Sadly, this was one of those bands that never really kept a consistent lineup for very long. In fact, Mick Jones is the only member to be featured throughout the band's entirety. Other than Jones and Gramm, the other members are quite inconsequential, and no one would recognize the guys if they were walking down the street.

Speaking of band members, there are six of them here (3 American, 3 English - hence the band name). Listening to the album shows that this number is a tad too high. We have too many instruments cluttering to be heard - especially keyboards and synthesizers. You can tell it was 1977, when arena rockers were experimenting with the overpowering synthesizer.

We must remember, though, that this was the band's first album, so it should be expected that there were growing pains that would be inevitable. The sins are minor. You can't go wrong with a debut that features such classics as Cold as Ice, Feels Like the First Time, and, to a lesser extent, Long Long Way From Home.

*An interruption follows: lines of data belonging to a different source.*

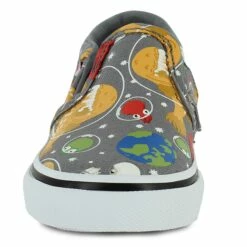 Ensure comfort and style with playful Vans casuals. Whether they’re exploring the galaxy with space fish or just playing in the park with friends, these fun shoes will keep them comfortable throughout. A hook-and-loop closure on the side ensures a secure fit all day long.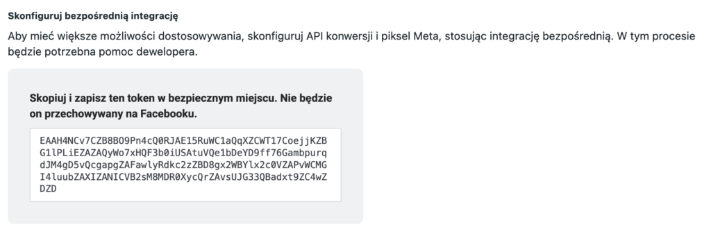 Należy wejść w źródła danych - > pixel - > ustawienia, a nastepnie kliknąć przycisk Wygeneruj token dostępu.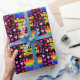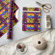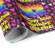 This cheerful and joyful birthday wrapping paper design features a large number “82” with a rainbow spectrum gradient inspired pattern, along with the message “Happy 82nd Birthday,”, and a customizable name. The background features a pattern of purple, red, and pink heart shapes. Birthday themed wrapping paper like this might be a fun way to wrap a gift or present being given to celebrate somebody’s eighty second birthday. [~Z0000549]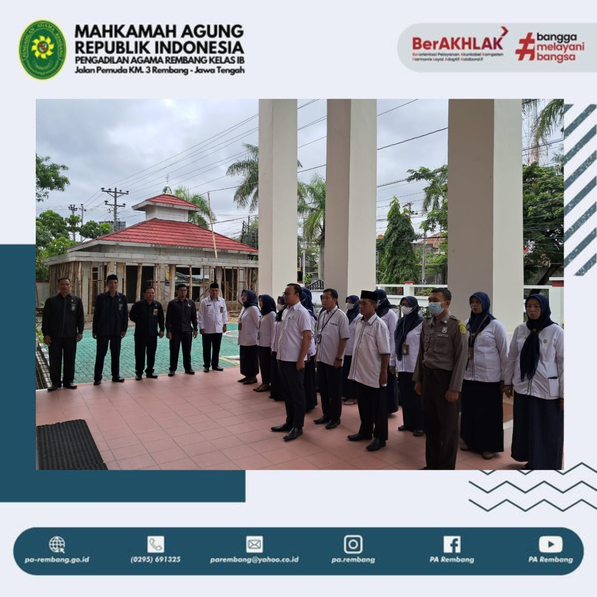 Rembang (26/12) Pengadilan Agama Rembang laksanakan apel rutin Senin Pagi yang bertempat di halaman kantor. Berkesempatan pada apel pagi hari ini dengan Pembina yaitu YM Wakil Ketua PA Rembang, Bapak Nadimin, S.Ag., M.H. Dalam amanatnya, beliau menyampaikan bahwa di penghujung tahun 2022 ini harapannya semua Aparatur PA Rembang bekerjasama dalam menyelesaikan semua laporan yang harus selesai akhir tahun ini, serta beliau berterima kasih atas kerjasamanya selama setahun ini. Semoga kedepannya dapat ditingkatkan lagi kerjasama antar berbagai lini di PA Rembang untuk mewujudkan Visi dan Misi dari PA Rembang dan Mahkamah Agung RI.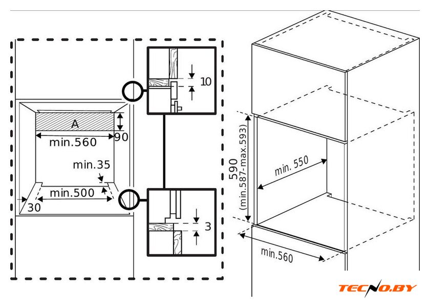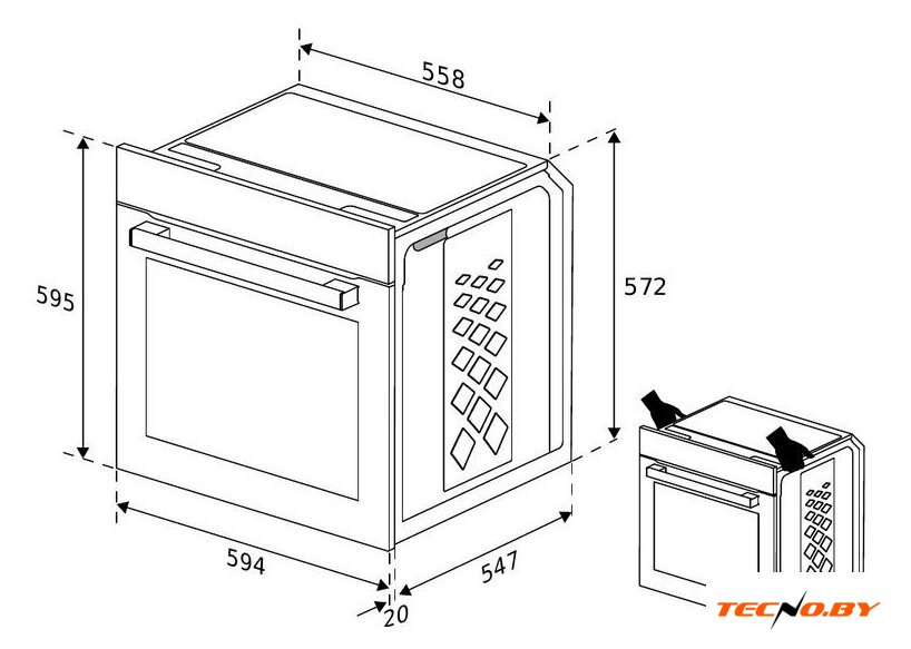электрический с конвекцией, объем 71 л, утапливаемые переключатели, 9 режимов, очистка ручная, 2 стекла в дверце, направляющие проволочные + телескопические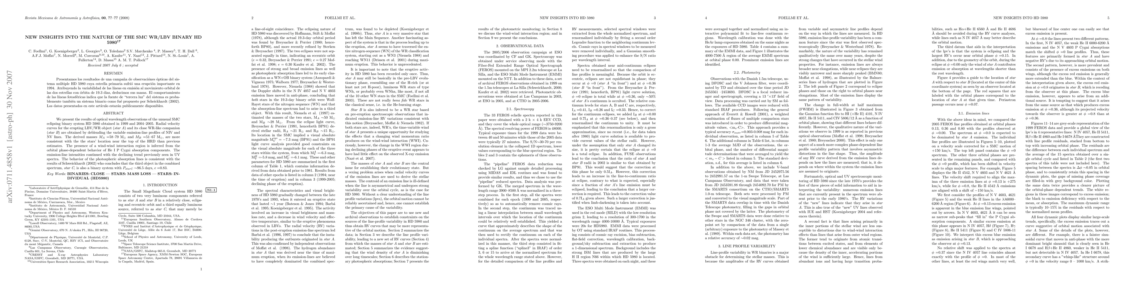 This paper reports on optical observations of the SMC eclipsing binary HD 5980, revealing new mass estimates for its stars and suggesting a wind-wind interaction region. The findings indicate star A, an LBV/WR object, and star B, a WR-like companion, both have masses consistent with their position in the HRD, and a third binary system, star C, is also present.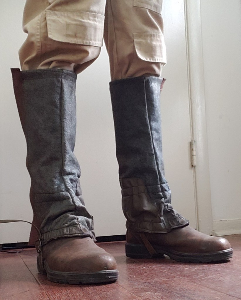 As with the satchel, the solution to the issue here was simple: another length of brown cotton webbing (1 inch wide this time) sewed onto the front section to cover the zipper. However, I also wanted to tailor the gaiters as well. This was not as straightforward, but I persevered. I removed the ankle elastic from the center front and rear (to free up material), sewed a 3/8″ tapered seam down the center front (to better mimic the curve of my shin), removed the rear half of the zipper, cut out about two and a half inches of material, rehemmed the top drawstring area, double- and triple-checked the fit with the zipper, and sewed everything together. There was a lot of trial and error on the first gaiter, but by the second one I knew what to do and got it banged out in half the time. I also darkened the shiny rivets with some acrylic and Modge Podge. The effort, I’m happy to say, paid off, and the overall look is much improved: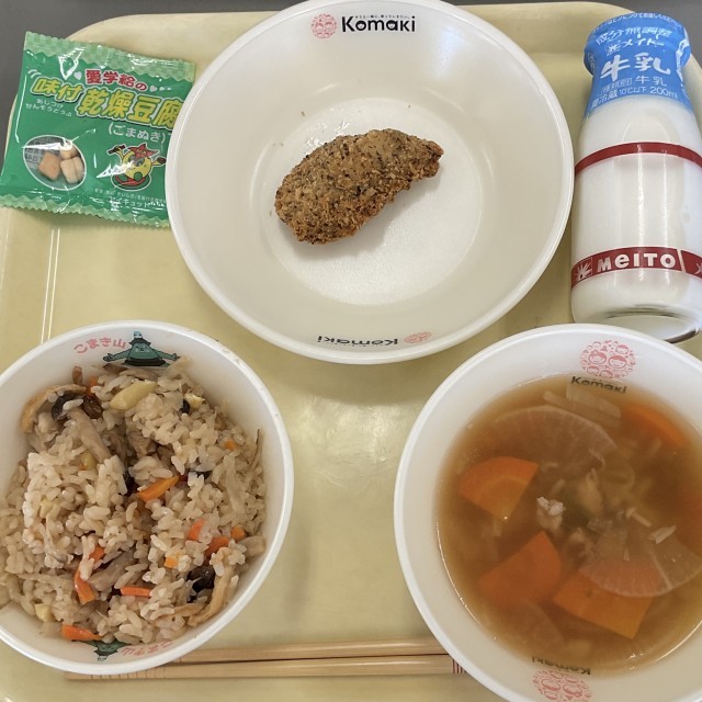 秋の炊き込みご飯 じゃがいもだんご汁 タラの香味フライ 味付き乾燥大豆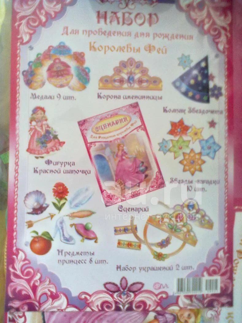 В набор входит: сценарий, медали 9шт., корона именинницы, колпак звездочета, фигурка красной шапочки, звезды-загадки 10шт., предметы принцесс 7шт., набор украшений 2шт.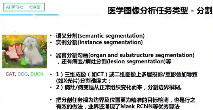 分割:这也是常规的医学图像分析中的一类任务。分割主要包括:语义分割 (semantic segmentation)、实例分割 (instance segmentation)。医学图像分析则涉及到器官分割勾画 (organ and substructure segmentation),还有病变/病灶分割 (lesion segmentation) 等。而医学影像分割跟常规图像的语义分割、实例分割不太一样。我们得看法是,把分割问题当作目标检测来处理,也方便借力于目标检测领域方法的蓬勃发展。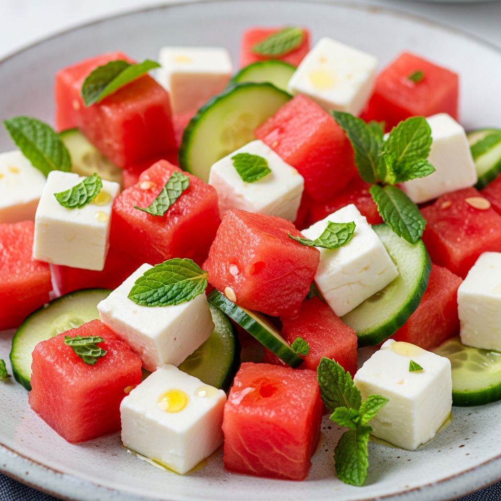 This refreshing salad is a quintessential summer dish. The contrast between the cold, sweet watermelon and the salty, crumbly feta is unmatched. Add cucumber for extra crunch and finish with a simple olive oil and lime vinaigrette.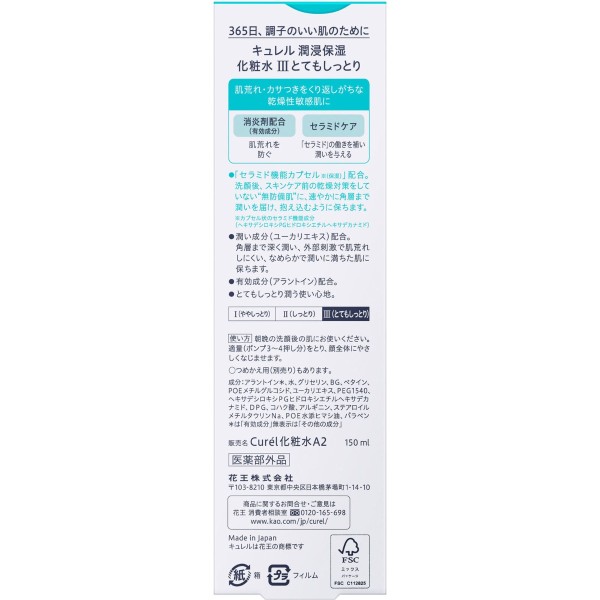 큐렐 화장수 III매우촉촉 150mL 카오 > 페이스 케어 보습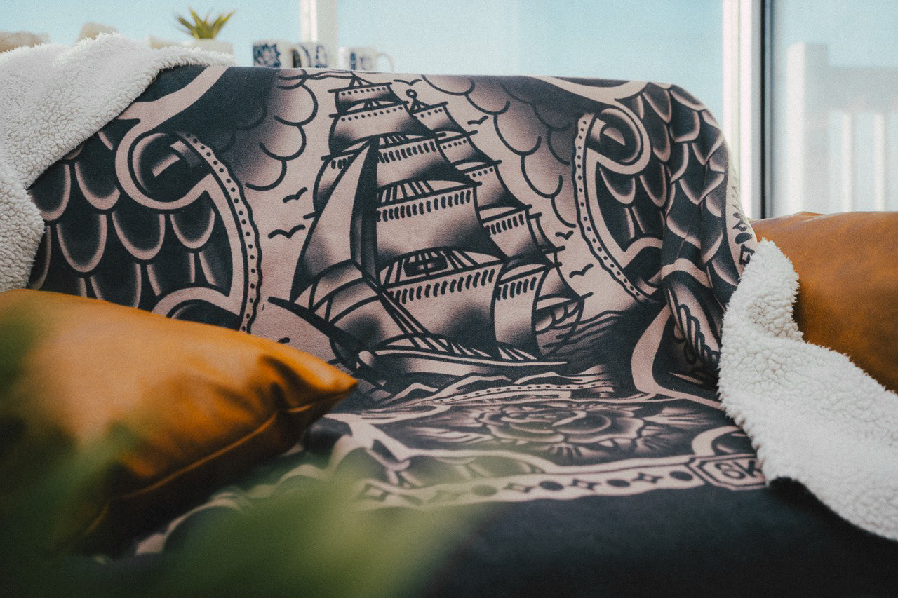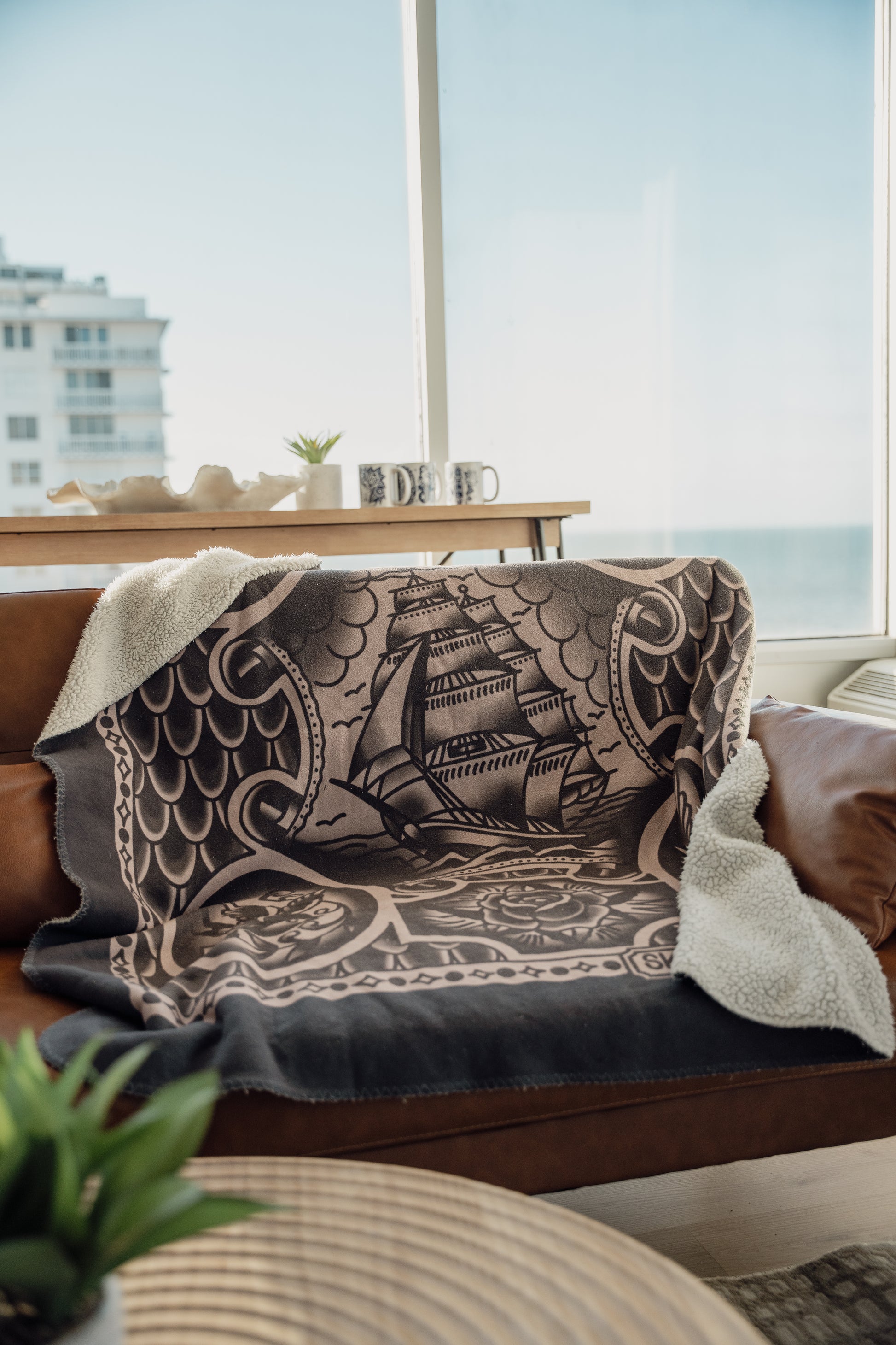 Wrap yourself in warmth and timeless style with our Sherpa-Lined Fleece Blanket! Featuring several nautical designs, this blanket brings a touch of vintage charm and personality to your home decor. Whether you're cuddled up on the couch or adding a unique accent to your bedroom, our Sherpa-Lined Fleece Blanket is sure to delight both tattoo enthusiasts and cozy comfort seekers alike.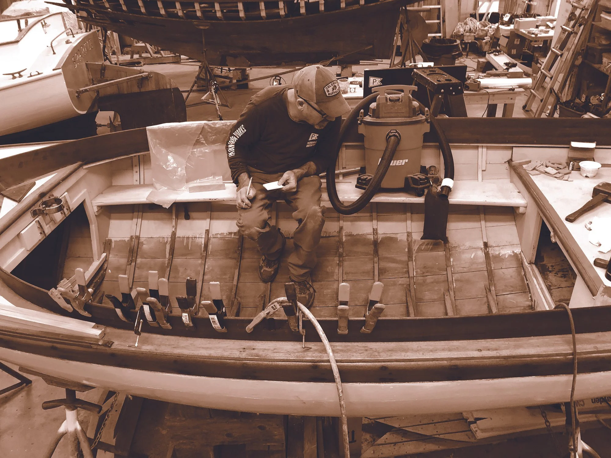We have experience in all types of wooden boat construction, including plank-on-frame, lapstrake, cold-molding and others. Being well-versed in all types of marine carpentry and joinery, we also perform interior cabinetry and wooden trim work on fiberglass boats. We do repairs, routine maintenance to full restorations. We’re ready, whether you need a few coats of varnish, a total refit, or a new build.

The rest of the album doesn't feature material quite as strong as these three, but there's plenty to enjoy. Songs such as The Damage is Done and Fool For You Anyway remain fresh many years later.

Unfortunately, Mick Jones would take a stab at lead vocals from time to time on the earliest records, and the overall effect was too jarring. It's not that he's not a good singer - he's quite respectable. The problem is that his smooth, dreamy English voice is just too big of a contrast from Gramm's trademark pipes to compliment the songs in any significant way. We hear this on songs Woman, Oh Woman and Starrider. Again, it doesn't help when those two songs are chocked filled with synthesized accompaniment as mentioned earlier.

So the album might not have aged as well as some of the band's later material, but it's still overall very strong. The fact that you have a couple of band classics that everyone still loves today, makes for a very solid debut.